First MFMA was writing result into C (stripping const via cast), then second MFMA read the modified C. Use a local accumulator instead so C is never mutated. Compiler optimizes it away when D aliases C. Bug confirmed on gfx950 MI350X: C corrupted from 42.0 to 58.0.
count==0 wraps to pending=0xFFFF causing silent hang. count>65535 wraps silently. Assert catches both at runtime.
Hardcoded width=64 causes ds_bpermute to wrap around on wave-32, reading from lane (L+delta)%32 instead of returning identity. This doubles every value in tree reductions (sum=1056 instead of 528). Verified on the gfx1250 simulator.
Non-aligned dimensions silently produce wrong results: grid() truncates via integer division, store_acc writes partial tiles. Assert fires for M=100 on the gfx1250 simulator, passes for M=64.
All three allocate variants now assert ptr stays within bounds. Regular allocate() checks against MAX_SHARED_MEMORY. Segmented allocate_in() checks against the segment's end boundary. Unified base pointer storage across UDNA1 and CDNA paths. Uses device-side assert() which prints file:line and traps. Verified on gfx950 MI350X: pointer-comparison assert fires correctly when overflow condition is runtime-determined.
allocate_in() used a single ptr for all segments.

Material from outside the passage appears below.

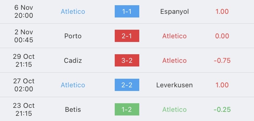 สถิติ 5 นัด แอตเลติโก มาดริด

Allocating into segment 0 after segment 1 would silently place data in segment 1 because ptr can only advance forward. Now each segment tracks its own cursor via seg_ptr[LDS_NUM_SEGMENTS], allowing interleaved segment allocations. Verified on the gfx1250 simulator: gemm_segment produces correct results.
load_b32 does not apply padding offsets (unlike load_b128 which takes a Pad template param). Adding Pad support was attempted but blocked by include ordering (lds_nopad defined in global_to_shared.cuh which is included after shared_to_register.cuh). Added comment directing users to load_b128<Pad> for padded layouts.
ds_load_b128 requires 16-byte aligned LDS addresses. A custom lds_padded<N, M> where M * sizeof(bf16) is not a multiple of 16 would silently misalign loads. static_assert catches this at compile time.
No bounds clamping on DRAM reads — out-of-bounds tile coordinates read from invalid memory silently. Added doc comment to load() and load_async() noting caller must ensure alignment. Enforced at dispatch level by SR-01's M/N/K alignment asserts.
DS_ATOMIC_ASYNC_BARRIER_ARRIVE_B64 fires per active lane. Without a lane guard, one wave produces 32 arrivals instead of 1, causing the barrier to flip prematurely. Moved the guard into the function so callers can't forget it. Removed redundant guards from all 4 call sites in gemm_tdm_arrive.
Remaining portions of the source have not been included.